Saat ini keluarga Arnold sedang makan malam bersama sambil mengobrol membahas Wisuda Shaka dan tentang ujian akhir Zea yang sebentar lagi Lulus!
"Sudah kok Ma. Tenang saja, semuanya sudah Aku siapkan!" jawab Shaka
"Putri Papa juga mau ujian akhir kan?" tanya Arnold melongok wajah sang Putri yang sejak tadi menunduk menekuk wajahnya.
Shaka dan Liana menoleh pada Zea secara bersamaan.
"Iya Pa!" jawab Zea datar saja.
"Kok Nggak semangat gitu, Sayang!" Liana mengusap punggung tangan sang Putri yang duduk di sebelahnya.
Zea menggelengkan kepalanya pelan, seraya mengendurkan tangan sang Ibu dan menyendok makanan di hadapannya dengan lesu.
Shaka yang melihat sang Adik menekuk wajahnya, pria itu merasa bersalah dan kasihan pada Zea. Namun pria itu memilih diam saja.
"Makan nggak boleh sambil cemberut Sayang" Ujar Arnold sambil tersenyum tipis pada Zea
Ayah dua anak itu mencoba membuat sang Putri mencair. Karena ketika Zea sedang kesal atau marah, tentu akan membuat orangtuanya kerepotan untuk mengembalikan mood nya lagi.
"Kamu marah sama Kakak ya!" Akhirnya Shaka tidak tahan dengan sikap diamnya sang Adik.
Arnold dan Liana spontan saja menoleh dan menatap tajam pada Shaka.
Zea mengangkat wajahnya dan menatap Shaka dengan tatapan menusuk. Zea memang masih kesal pada Shaka, tapi Zea tidak ingin terlalu menunjukan kalau dirinya marah pada Kakaknya di depan orangtuanya.

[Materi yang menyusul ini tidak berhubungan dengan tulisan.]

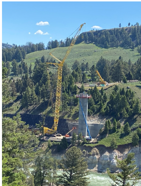
Completed Pier 3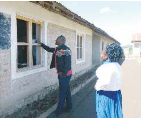
Inspecting new window frames for a Madihani Classroom and below, the Teachers' toilets now in use at Muhulu

In Madihani village work has continued on improving the school's water supply with a knock on effect for the village itself. Repairs to one of the classrooms are completed. The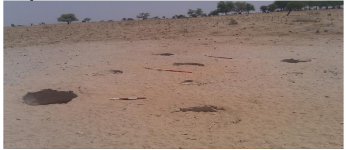
Plate VII: Dye Pits.

about two hundred meters North West of the grave yard. The soil colour of the area differs from other areas as it is whitish and grey. Some of the dye pits are covered with soil. The dye pits range from 0.8 - 1.2m in diameter. The dye pits covers a rectangular area of length 9m by 7m breadth totaling 63m^2 . The clustered dye pits are about two hundred and sixty-six meters (266m) north west of the grave yard.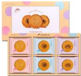
Korean Rice Biscuit(Gift Set) Box: 8set (24g*18ea/set) BB: 12 months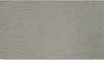
MIST GRAY 6" LAP • 8" LAP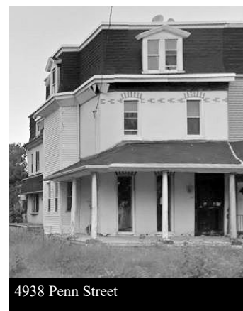
4938 Penn Street

4938 Penn Street —Rooming house for 6 people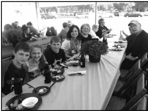
It was a Great Day for all at Oktoberfest!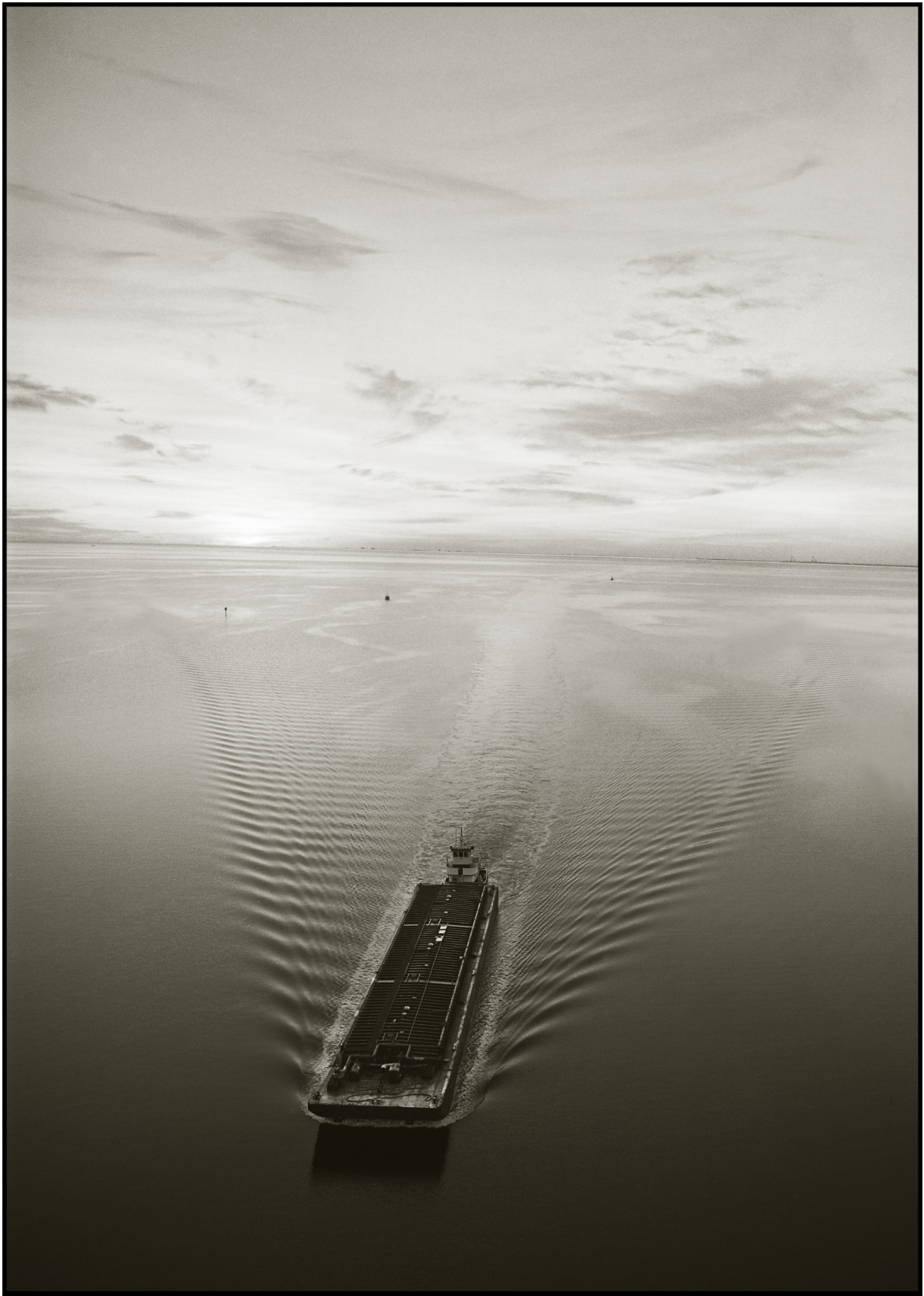
Water & Sky #6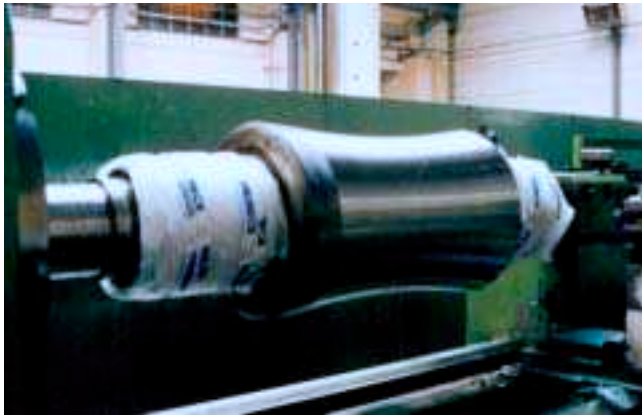
Improve and reprofiling of hyperbolic rolls on axis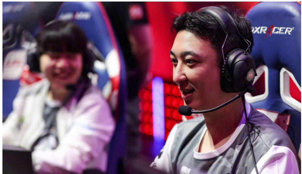
Figure 4. Wang Sicong, who participated in the LPL professional competition as an IG player ( https://chejiahao.autohome.com.cn/info/2911948 ).

The e-sports club is an important department for selecting and training e-sports players. Each e-sports club can have multiple teams participating in different projects. There are two types of e-sports clubs: 1. The e-sports club is formed by the investors. For example, Wang Sicong sets up the iG club and became a teammate, Lin Junjie sets up the SMG club, etc. 2, The professional players spontaneously form the e-sports club, for example, 17shou (Wang Kang) formed 17 teams. Former professional player BurNing (Xu Zhilei) formed the Team Aster Stars team. The development of e-sports clubs with investors is relatively stable, and the investment of e-sports clubs requires a lot of money. The spontaneous formation of the players usually require many times to become a professional team or to form an e-sports club. The e-sports club is an institution based on the professional team, equipped with complete facilities for the players to train and professional instructors, and for the purpose of the competition bonus. The performance of the e-sports club affects the financial support provided by the investor. A good e-sports club has sufficient funds and training facilities. (Figure 4)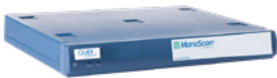
ManoScan™ high resolution manometry system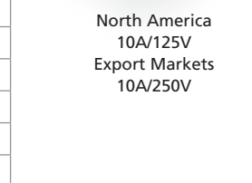
North America 10A/125V Export Markets 10A/250V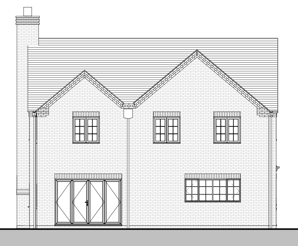
Rear Elevation 1:100

Side Elevation 1 1: 100 Om 2m 4m 6m 8m 10m VISUAL SCALE 1:100 @ A3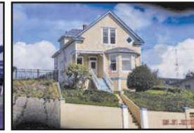
336 Franklin Ave Astoria $249,500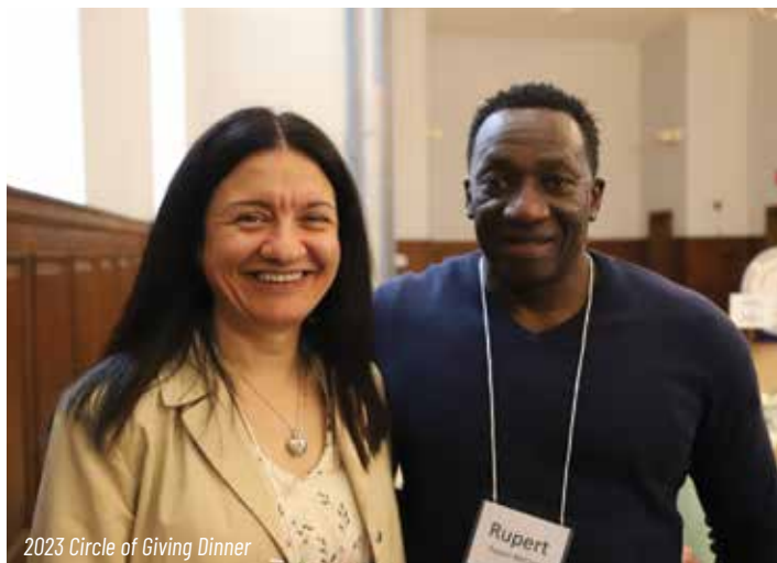
2023 Circle of Giving Dinner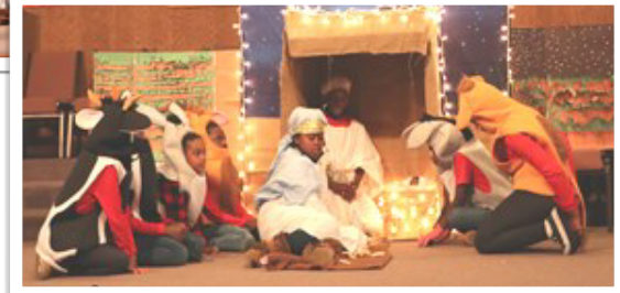
The Nativity Scene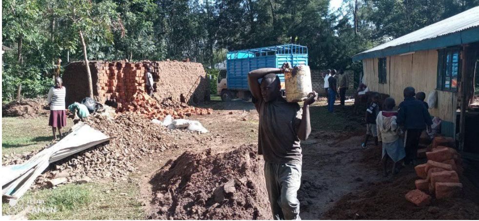
The work is continuing

"Aku nggak marah, Aku nggak papa!" Zea melirik orangtua dan sang Kakak bergantian dengan senyum mengembang yang di paksakan.
"Ya sudah. Papa cuma khawatir saja kalau kamu sedang ada masalah di sekolah. Sayang!" ujar Arnold sambil tersenyum.

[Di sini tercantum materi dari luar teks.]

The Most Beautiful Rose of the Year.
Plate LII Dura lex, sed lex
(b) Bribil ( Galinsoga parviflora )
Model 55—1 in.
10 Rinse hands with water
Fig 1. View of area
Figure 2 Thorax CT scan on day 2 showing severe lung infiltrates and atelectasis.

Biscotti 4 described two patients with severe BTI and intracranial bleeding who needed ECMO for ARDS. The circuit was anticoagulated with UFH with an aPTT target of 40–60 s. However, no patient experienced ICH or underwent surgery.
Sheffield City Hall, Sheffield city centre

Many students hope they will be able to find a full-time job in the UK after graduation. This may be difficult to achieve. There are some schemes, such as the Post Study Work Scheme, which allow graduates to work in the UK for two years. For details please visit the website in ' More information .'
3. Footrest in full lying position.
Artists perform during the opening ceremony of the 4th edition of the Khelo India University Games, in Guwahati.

"Papa. Besok antar aku ke sekolah ya!" Zea menatap manja pada sang Ayah dan memintanya untuk mengantarnya ke sekolah besok pagi.

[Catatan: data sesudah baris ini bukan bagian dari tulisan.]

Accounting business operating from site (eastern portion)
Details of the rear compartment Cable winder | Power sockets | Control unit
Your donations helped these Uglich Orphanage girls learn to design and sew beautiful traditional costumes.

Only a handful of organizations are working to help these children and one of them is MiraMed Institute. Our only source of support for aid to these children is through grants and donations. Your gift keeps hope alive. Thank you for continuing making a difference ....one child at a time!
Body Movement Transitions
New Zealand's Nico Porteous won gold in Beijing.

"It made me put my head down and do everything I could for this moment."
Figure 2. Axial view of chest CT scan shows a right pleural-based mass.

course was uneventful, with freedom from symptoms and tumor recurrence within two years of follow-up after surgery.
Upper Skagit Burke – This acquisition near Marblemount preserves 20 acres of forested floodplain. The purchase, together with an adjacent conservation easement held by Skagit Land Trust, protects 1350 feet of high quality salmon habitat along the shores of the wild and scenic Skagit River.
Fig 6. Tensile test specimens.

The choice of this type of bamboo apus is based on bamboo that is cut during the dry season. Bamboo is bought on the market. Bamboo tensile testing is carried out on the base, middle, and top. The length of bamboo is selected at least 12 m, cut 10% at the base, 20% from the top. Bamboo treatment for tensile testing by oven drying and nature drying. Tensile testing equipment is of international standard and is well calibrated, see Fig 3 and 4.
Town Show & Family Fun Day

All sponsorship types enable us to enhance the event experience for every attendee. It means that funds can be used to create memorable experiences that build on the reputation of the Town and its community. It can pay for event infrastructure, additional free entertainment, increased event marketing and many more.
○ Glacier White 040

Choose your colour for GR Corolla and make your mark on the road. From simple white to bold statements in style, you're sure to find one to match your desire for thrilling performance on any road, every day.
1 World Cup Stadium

"Bareng Kakak aja. Sekalian searah kan?" Shaka menyela dan menawarkan diri untuk mengantar sang Adik.
"Tidak. Aku maunya sama Papa!" Zea menatap tajam pada Shaka.
"Nanti Kakak bawa mobil deh" Shaka msih belum menyerah
"Aku bilang tidak ya tidak. Pokoknya sama Papa. Ya Pa!" Zea mengerucutkan bibirnya dan menatap sendu pada sang Ayah.
"Sudah sudah. Kalian ini kenapa sih. Selalu saja ribut, kapan akurnya coba, Mama pusing deh dengernya!, Shaka mengalahlah sama Adik mu!" Liana menengahi keributan antara putra putrinya yang memang jarang sekali bisa akur.
"Besok Zea berangkat sama Papa ya. Shaka kamu berangkat sendiri!" Arnold menyetujui permintaan sang Putri dengan sukarela.
Sebenarnya tanpa di minta pun Arnold pasti akan mengantar Putrinya ke sekolah.
Shaka menghela nafas dan mendengus kesal. Sedangkan Zea menatap meledek pada sang Kakak sambil menjulurkan lidahnya.
"Rumah ini nggak pernah sepi ya kalau kalian ribut terus. Rumah ini selalu penuh warna bahagia karena kalian. Mama dan Papa mungkin akan kesepian jika suatu hari nanti kalian menikah dan menemukan pasangan masing-masing!" Cetus Liana. Ibu dua anak itu tiba-tiba merasa melow membayangkan putra putrinya yang sudah dewasa akan meninggalkannya ketika mereka sudah berkeluarga.
Arnold dan kedua anaknya menatap tak percaya pada Liana dengan tatapan Bingung, namun mereka tentu sangat mengerti dengan ucapan Liana.